Donald Trump is actually entirely predictable. He has laid it all out many times. He commonly threatens people, telling them to “be careful” or they’d “better watch out.” You can bet money that when he feels disrespected, this is exactly what he will do:
“Get even. When somebody screws you, screw the back in spades. I really mean it. I really mean it. You’ve got to hit people hard and it’s not so much for that person, it’s that other people watch.”
Trump has expressed true admiration for only four leaders: Generals Douglas MacArthur and George S. Patton, both of whom were removed from duty for exceeding their authority, and authoritarian strongmen Vladimir Putin and Kim Jong Un.  He says all the time, “We’ve got to be strong,” by which he means dominant.

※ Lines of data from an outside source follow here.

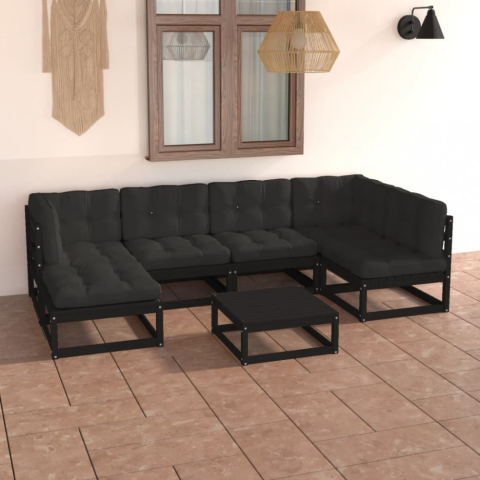 Teljes vidaXL 7 részes tömör fenyőfa kerti ülőgarnitúra párnákkal termékleírás
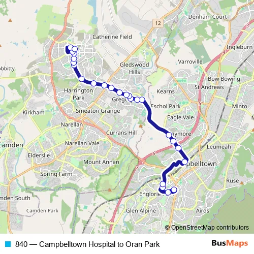 The first stop of the 840 bus route is Main Campbelltown Hospital and the last stop is Oran Park Town Centre, Oran Park Dr. 840 (Campbelltown Hospital to Oran Park) is operational during todos los días.
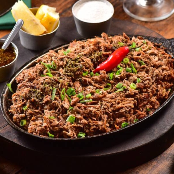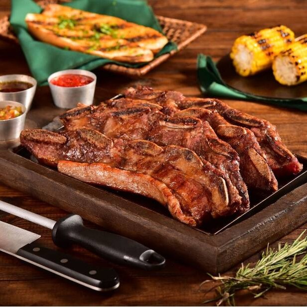 Nosso 'Asado de Tira' (assado de tira), uma verdadeira estrela da categoria 'Carnes', é uma costela de boi primorosamente selecionada, preparada com um corte especial, a onde, é cuidadosamente trabalhada para realçar seu sabor autêntico e suculento.
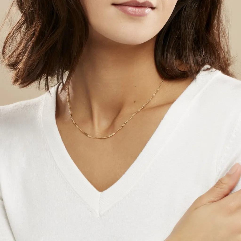 Collier Or Jaune 375/1000 Maille Singapour Evidée 1.9mm 45cm
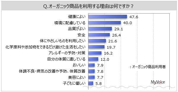 オーガニック商品を利用する理由は(複数回答)、「健康によい」が利用者の47.6%、「環境に配慮している」が40.0%、「品質がよい」「安全」が各3割弱です。
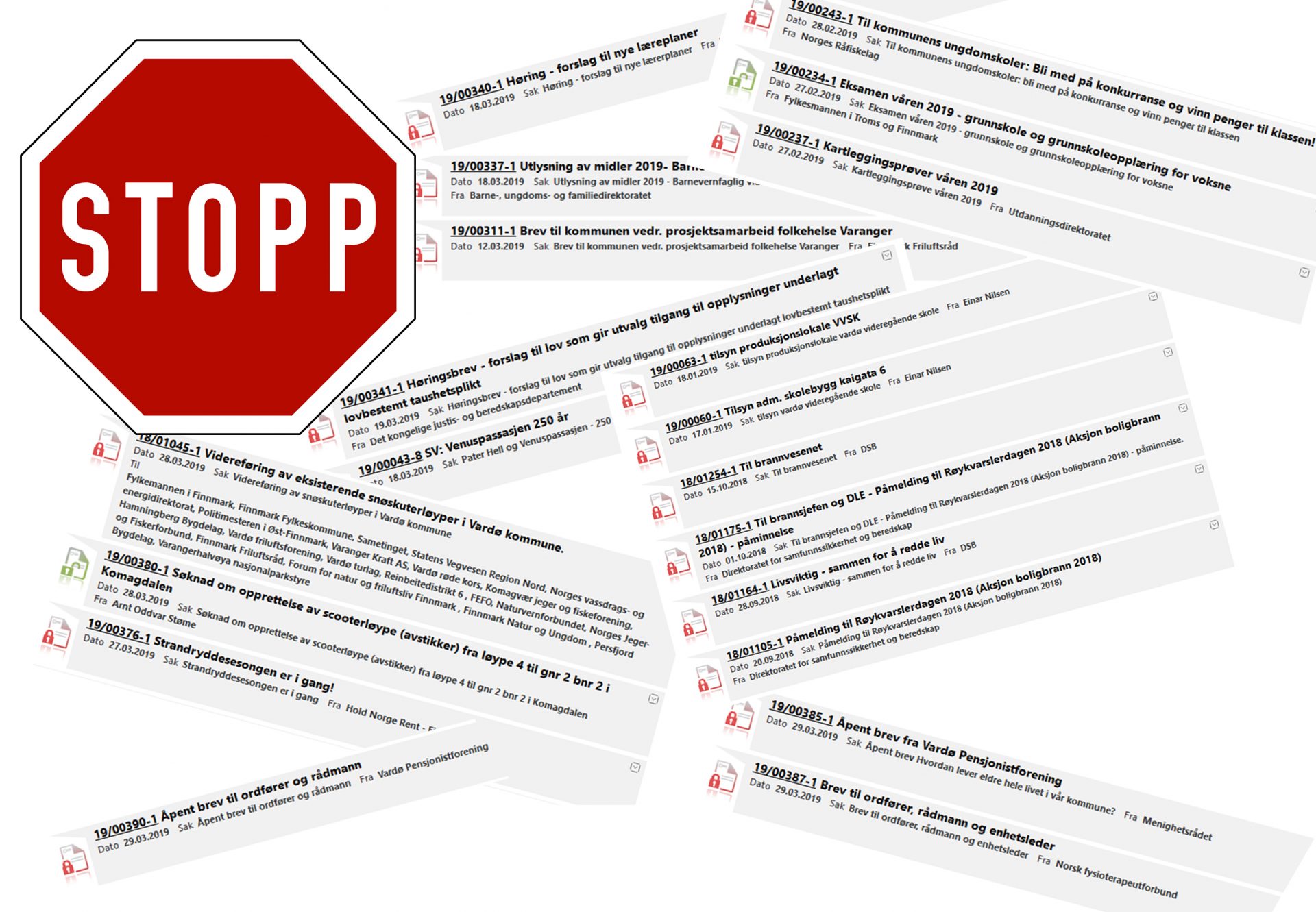 En rask og tilfeldig titt på postlistene til Vardø kommune viser at selv den minste og mest uskyldige ting kan bli unntatt offentligheten her.
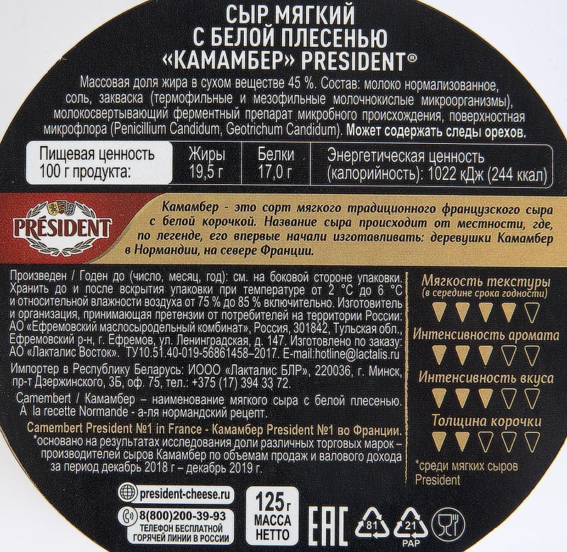 Сыры твердые и полутвердые, в том числе сыр Чеддер, сыр Гауда, сыр Маасдам, сыр Пармезан, содержат ферментный препарат животного происхождения – лизоцим, продукт переработки яиц, вода питьевая, масло сливочное, сухое обезжиренное молоко, молочный белок, комплексные пищевые добавки: эмульгаторы Е331iii, Е452i, Е340ii, Е339iii, сырный порошок, усилители вкуса и аромата Е621, Е627, Е 631, ароматизатор, соль, крахмал кукурузный, загустители: каррагинан, камедь рожкового дерева, Е412, Е466, агент желирующий – хлорид калия, консерванты – сорбиновая кислота, регулятор кислотности – лимонная кислота.

These foreign policy interviews have not shown us an “America First isolationist” by the historical definition and people would be foolish to see those allusions in any literal way. He wants America to be a gangster protection racket, holding up other countries for money lest they “disrespect us” by refusing. If that happens he’s going to have to “hit hard,” because “other people watch.”

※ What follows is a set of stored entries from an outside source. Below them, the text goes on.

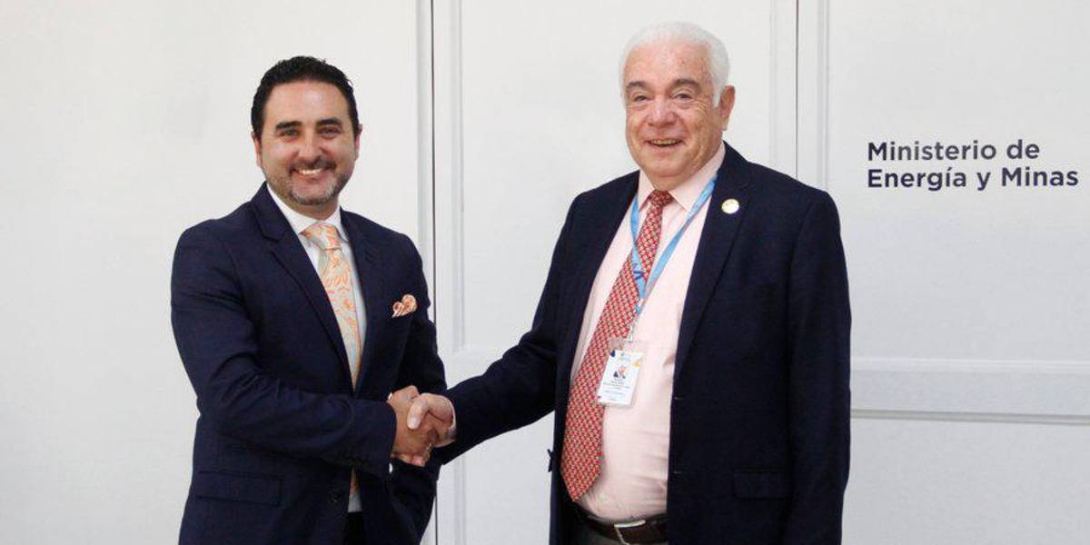 Saludo del ministro de Energía y Minas, Fernando Santos Alvite (der.), con Juan José Espinosa (izq.). ( )
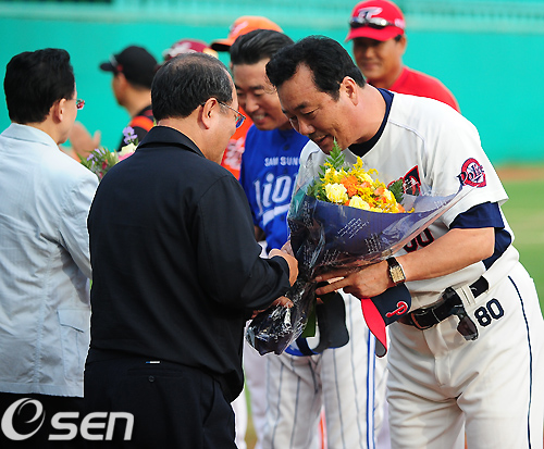 식전행사에서 남부팀 장효조 감독과 북부팀 유승안 감독이 꽃다발을 받고 있다. /rumi@osen.co.kr
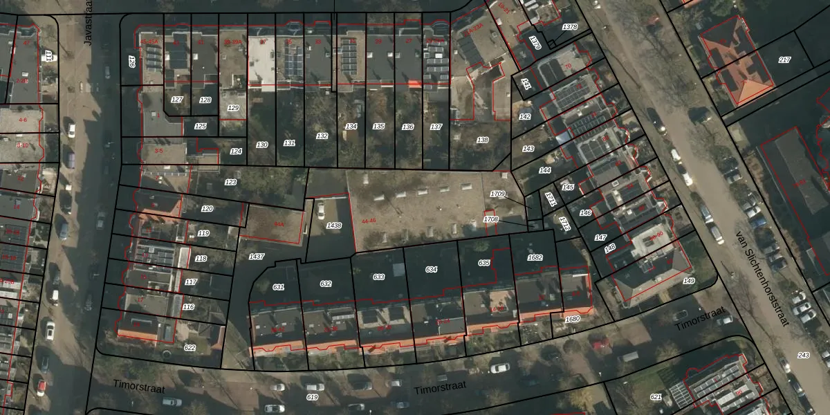 Het perceel waarop Timorstraat 44 staat heeft een oppervlakte van 948 m². Dit is een groot perceel. De perceeloppervlakte wordt geregistreerd door het Kadaster. Gedetailleerde informatie over de maten van dit perceel kunt u vinden in het rapport Kadastrale kaart met maatvoering van Timorstraat 44.
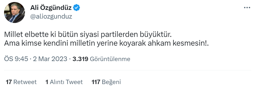 'Millet elbette ki bütün siyasi partilerden büyüktür. Ama kimse kendini milletin yerine koyarak ahkam kesmesin!' dedi.
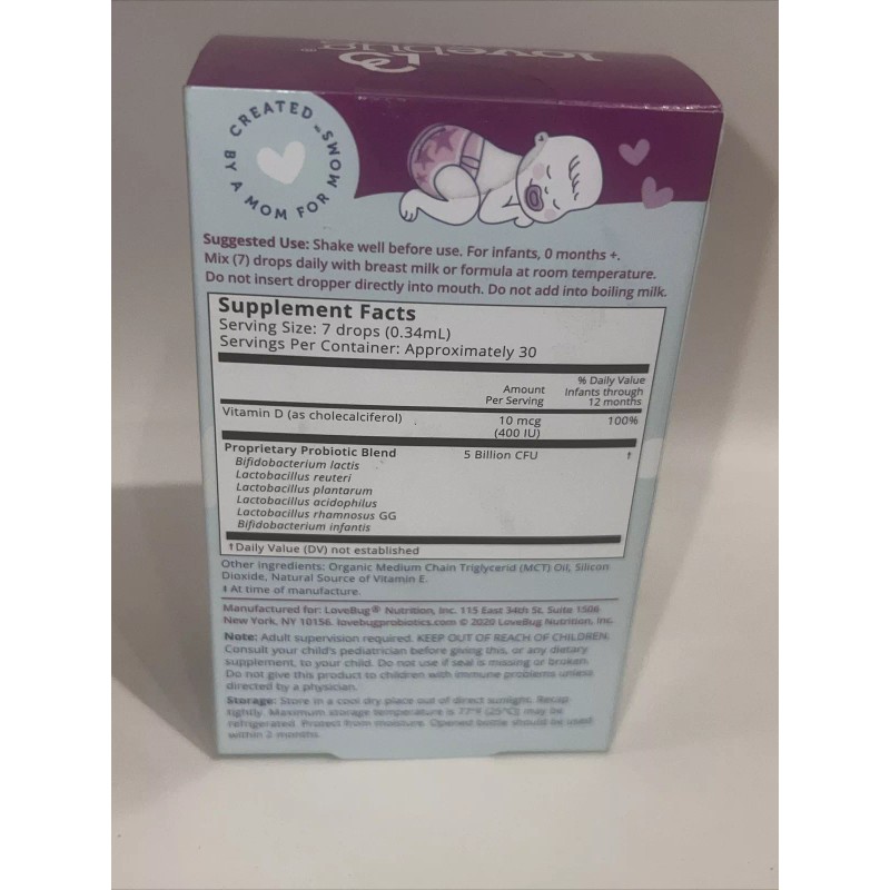 LoveBug Probiotics Baby Probiotic Drops, 5 Billion CFU, 0.34 fl oz (10 ml) Exp: 09/2025 Free Ship
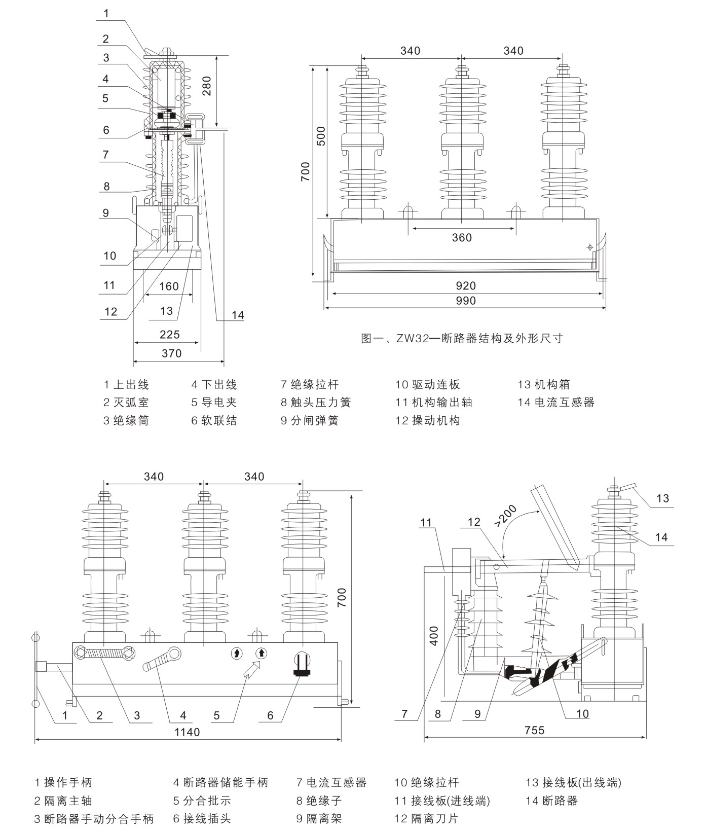 ZW32-12型戶外真空斷路器(以下簡稱斷路器)為額定電壓12kV,三相交流50Hz的戶外配電設(shè)備。主要用于開斷、關(guān)合電力系統(tǒng)中的負荷電流、過載電流及短路電流。適用于變電站及工礦企業(yè)配電系統(tǒng)中作保護和控制之用,及農(nóng)村電網(wǎng)頻繁操作的場所。 本斷路器具有體積小、重量輕、防凝露、免維護等特點,能適應(yīng)較惡劣的氣候條件和污穢環(huán)境。

This is all just the tip of the iceberg of the ignorance, incoherence and lunacy on display by the GOP frontrunner and everyone who follows politics should read the transcript of this stunning interview. You can bet that every foreign leader has read it and is already making contingency plans. Secretary of State John Kerry said on “Face the Nation” on Sunday:
Everywhere I go, every leader I meet, they ask about what is happening in America. They cannot believe it. I think it is fair to say that they’re shocked. They don’t know where it’s taking the United States of America. It upsets people’s sense of equilibrium about our steadiness, about our reliability. And to some degree, I must say to you, some of the questions, the way they are posed to me, it’s clear to me that what’s happening is an embarrassment to our country.